* ABOUT THIS EXERCISE *
Nothing but an exact copy is asked for: the lines in the material below from the one with "With our design, fabrication" through the one with "Quantity control becomes", pictures excluded.

* ENTRIES PROVIDED *
Content starts

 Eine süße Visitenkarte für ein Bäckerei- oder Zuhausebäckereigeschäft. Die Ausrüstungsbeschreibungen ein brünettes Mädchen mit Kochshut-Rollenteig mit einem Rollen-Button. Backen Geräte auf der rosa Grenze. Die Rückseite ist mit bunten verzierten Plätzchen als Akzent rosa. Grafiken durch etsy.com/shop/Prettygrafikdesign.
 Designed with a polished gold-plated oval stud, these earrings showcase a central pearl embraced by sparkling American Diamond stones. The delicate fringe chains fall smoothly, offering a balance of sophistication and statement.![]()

Content ends
Content starts

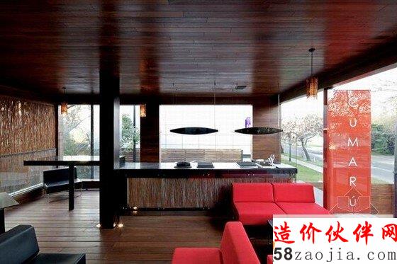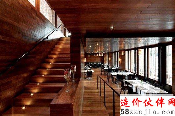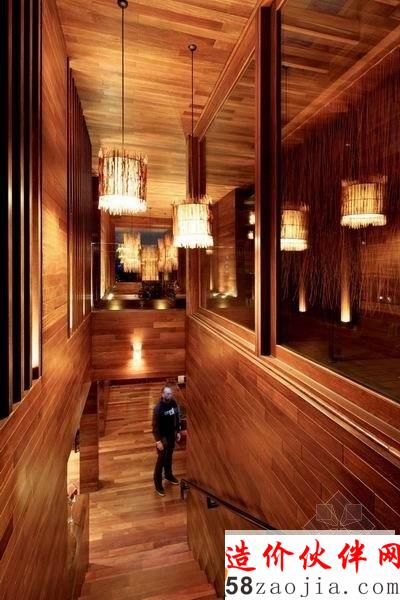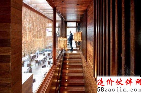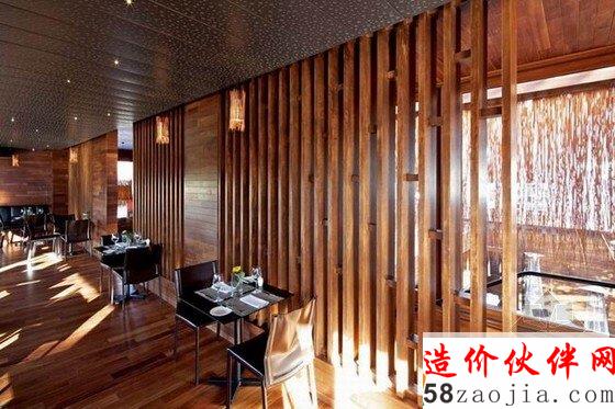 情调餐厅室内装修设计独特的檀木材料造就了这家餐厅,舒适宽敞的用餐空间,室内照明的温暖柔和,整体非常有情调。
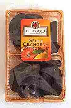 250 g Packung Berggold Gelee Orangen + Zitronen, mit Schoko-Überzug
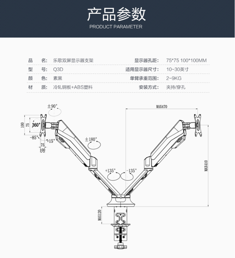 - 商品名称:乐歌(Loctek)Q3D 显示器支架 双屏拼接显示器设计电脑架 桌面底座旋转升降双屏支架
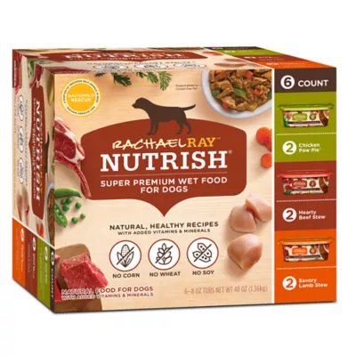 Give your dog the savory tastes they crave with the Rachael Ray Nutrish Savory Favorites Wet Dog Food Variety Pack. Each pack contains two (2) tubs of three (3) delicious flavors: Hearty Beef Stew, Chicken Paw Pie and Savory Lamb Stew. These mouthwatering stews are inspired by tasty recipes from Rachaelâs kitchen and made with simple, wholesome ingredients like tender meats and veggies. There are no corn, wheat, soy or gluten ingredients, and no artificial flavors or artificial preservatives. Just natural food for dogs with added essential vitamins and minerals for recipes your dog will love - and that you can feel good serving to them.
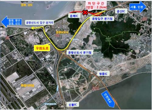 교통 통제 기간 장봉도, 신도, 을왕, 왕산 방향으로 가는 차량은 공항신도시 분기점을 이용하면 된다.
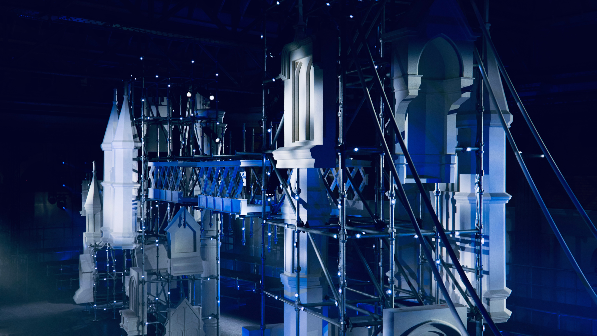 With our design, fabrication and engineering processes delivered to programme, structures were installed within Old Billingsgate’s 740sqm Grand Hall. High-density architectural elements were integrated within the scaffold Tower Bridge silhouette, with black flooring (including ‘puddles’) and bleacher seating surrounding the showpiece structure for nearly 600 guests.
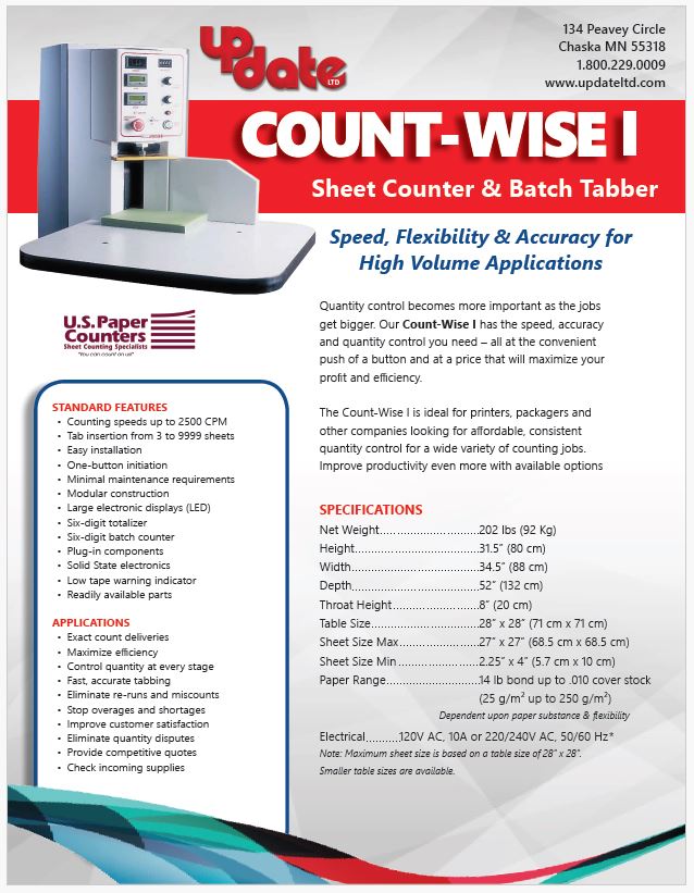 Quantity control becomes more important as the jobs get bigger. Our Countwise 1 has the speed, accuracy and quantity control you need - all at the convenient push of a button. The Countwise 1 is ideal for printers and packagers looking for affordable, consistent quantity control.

Content ends
Content starts

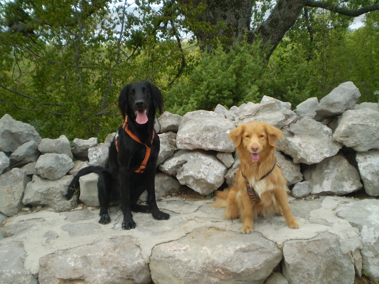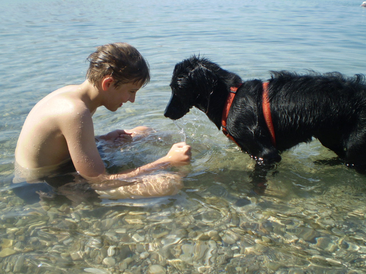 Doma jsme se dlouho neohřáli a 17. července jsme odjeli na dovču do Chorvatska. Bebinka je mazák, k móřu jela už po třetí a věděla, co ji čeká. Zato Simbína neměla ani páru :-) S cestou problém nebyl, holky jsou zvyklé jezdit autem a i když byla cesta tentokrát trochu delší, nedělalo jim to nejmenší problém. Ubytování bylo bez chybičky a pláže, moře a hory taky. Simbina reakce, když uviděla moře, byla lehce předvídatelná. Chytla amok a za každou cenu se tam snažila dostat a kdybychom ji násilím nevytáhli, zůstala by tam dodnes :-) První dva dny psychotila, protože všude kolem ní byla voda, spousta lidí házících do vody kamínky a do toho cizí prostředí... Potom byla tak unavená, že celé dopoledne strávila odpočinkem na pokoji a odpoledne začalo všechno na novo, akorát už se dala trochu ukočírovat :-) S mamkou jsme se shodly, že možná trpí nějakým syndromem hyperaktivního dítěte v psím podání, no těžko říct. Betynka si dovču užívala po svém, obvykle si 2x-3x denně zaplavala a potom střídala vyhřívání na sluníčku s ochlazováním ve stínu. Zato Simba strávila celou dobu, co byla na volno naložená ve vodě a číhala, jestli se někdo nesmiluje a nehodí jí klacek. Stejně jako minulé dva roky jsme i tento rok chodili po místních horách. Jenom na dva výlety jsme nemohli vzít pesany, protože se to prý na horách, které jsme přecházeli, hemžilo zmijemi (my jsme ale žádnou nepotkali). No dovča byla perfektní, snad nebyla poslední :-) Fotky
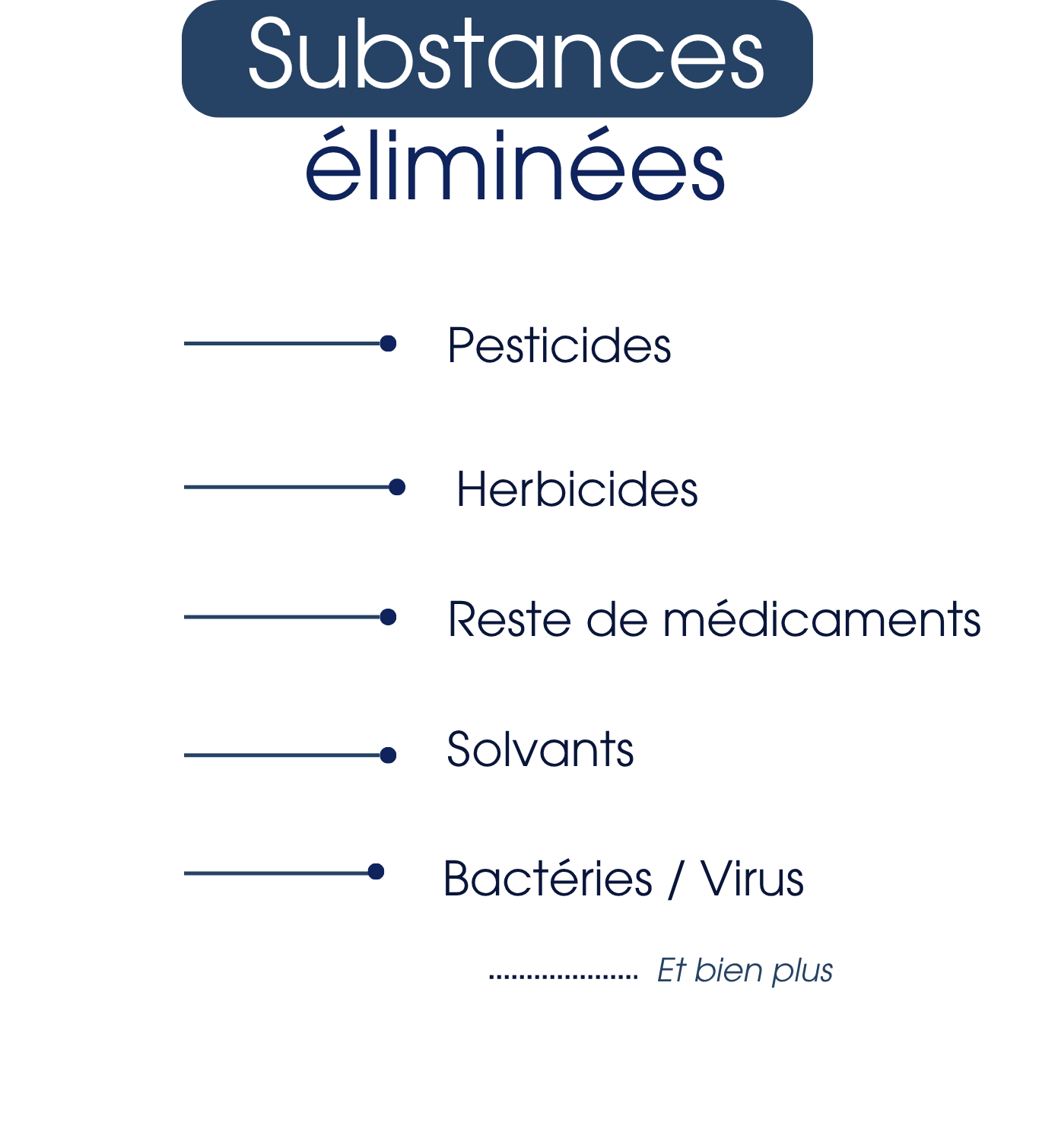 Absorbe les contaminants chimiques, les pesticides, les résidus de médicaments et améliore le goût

Content ends

* EXPECTED ANSWER *
 With our design, fabrication and engineering processes delivered to programme, structures were installed within Old Billingsgate’s 740sqm Grand Hall. High-density architectural elements were integrated within the scaffold Tower Bridge silhouette, with black flooring (including ‘puddles’) and bleacher seating surrounding the showpiece structure for nearly 600 guests.
 Quantity control becomes more important as the jobs get bigger. Our Countwise 1 has the speed, accuracy and quantity control you need - all at the convenient push of a button. The Countwise 1 is ideal for printers and packagers looking for affordable, consistent quantity control.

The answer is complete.